1994 EP by Kristin Hersh

Strings is an extended play (EP) by American singer-songwriter Kristin Hersh, released in April 1994. It peaked at number 60 on the UK Singles Chart.

Professional ratings
Review scores
| Source | Rating |
| AllMusic |  |

==Track listing==
All songs were written by Kristin Hersh except where noted.
1. "Beestung" - 3:09
2. "A Loon" (strings version) - 4:25
3. "Sundrops" (strings version) - 4:11
4. "Me and My Charms" (strings version) - 4:31
5. "Velvet Days" (strings version) - 3:44
6. "The Key" - 3:36
7. "Uncle June and Aunt Kiyoti" - 2:33 (Kristin Hersh and W.J. Hersh)
8. "When the Levee Breaks" - 4:35 (Memphis Minnie, Robert Plant, Jimmy Page, John Paul Jones and John Bonham)

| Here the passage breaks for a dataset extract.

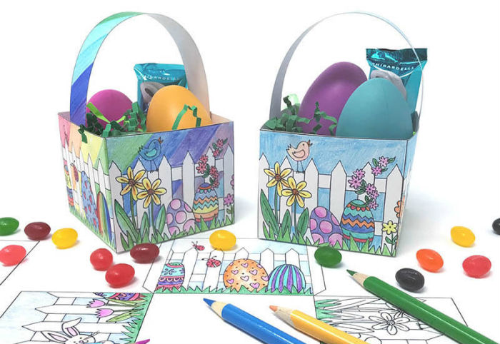 Пасхальные корзинки детают не только из лозы или соломы. И не только для освящения пасхальных лакомств. Есть декоративные корзины, похожие на горшки с цветами, предназначенные для украшения интерьера, а есть детские корзинки — для сувениров и сладостей. Именно такую красочную корзинку мы с тобой и изготовим из бумаги.
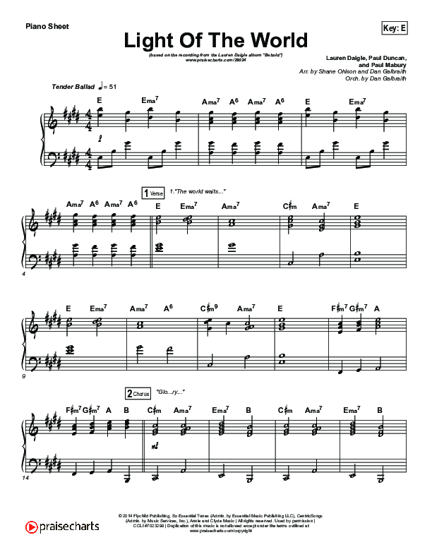 Download the Orchestration for Light Of The World by Lauren Daigle, from the album Behold. This song was arranged by Shane Ohlson / Daniel Galbraith in the key of E, F.

The original UK release (4AD BAD 4006 CD) featured only tracks two, three, four, and five. Tracks six, seven, and eight originally featured as extra tracks on the CD and 12-inch "Your Ghost" single.

==Personnel==
- Kristin Hersh – vocals and guitars
- Martin McCarrick – cello and string arrangements
- Jane Scarpantoni – cello
- Wilfred Gibson – violin
- Perry Montague-Mason – violin
- Gavin Wright – violin
- Billy McGee – double bass
- Production: Lenny Kaye and Kristin Hersh
- Engineering: Paul Q. Kolderie, Steve Rizzo, Phil Brown and John Fryer
- Mixing: Martin McCarrick, Bill O'Connell and John Fryer
- Design: Vaughan Oliver

=="The Key"==
"The Key" appeared on Secret Tracks 2, a cassette given away with Select. "I had this instrumental to finish but I wasn't hearing any words," Hersh said in the accompanying notes. "Then I opened this Krazy Kat comic from the '30s and there were all these beautiful words. So I re-wrote the song, took it apart, put it back together – and then I opened up the book again and none of those words were there. Honest to God! It was like this song was just kicking me in the head: 'Goddammit, whaddya need?! Alright, we'll write it in a comic book for ya, dipshit!'"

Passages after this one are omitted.